Rybinsk Reservoir (), informally called the Rybinsk Sea, is a water reservoir on the Volga River and its tributaries Sheksna and Mologa, formed by Rybinsk Hydroelectric Station dam, located in the Tver, Vologda, and Yaroslavl Oblasts. At the time of its construction, it was the largest man-made body of water on Earth. It is the northernmost point of the Volga. The Volga-Baltic Waterway starts from there. The principal ports are Cherepovets in Vologda Oblast and Vesyegonsk in Tver Oblast.
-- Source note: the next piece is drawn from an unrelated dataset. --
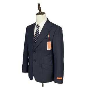 This listing is for a new with tags Tallia Men's 44 Short Venezia Blazer in Navy and Brown. Stretch Fabric, Lined, Two Button Closure, Three Front Flap Pockets, Welt Pocket at Chest, Notch Lapel, Side Vents, 4-Button Cuff. 70% Wool, 30% Natural Stretch Polyester. Dry Clean Only.
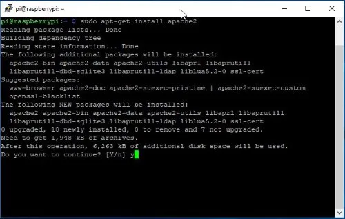 Die Installation eines Apache2 Webservers erfolgt mit dem Kommandozeilenbefehl „sudo apt-get install apache2“.

The construction of the dam in Rybinsk started in 1935. The filling of the reservoir started on April 14, 1941, and continued until 1947. Some 150,000 people had to be resettled elsewhere, and the historic town of Mologa in Yaroslavl Oblast along with 663 villages have completely disappeared under water. Today the dam is less important for hydroelectric power supply (output is 346 MW) than it used to be.

References

External links 
 Detailed map of the reservoir (in Russian)
 Webpage of the Leushino Monastery, now submerged under the waters of the Rybinsk Sea (in Russian)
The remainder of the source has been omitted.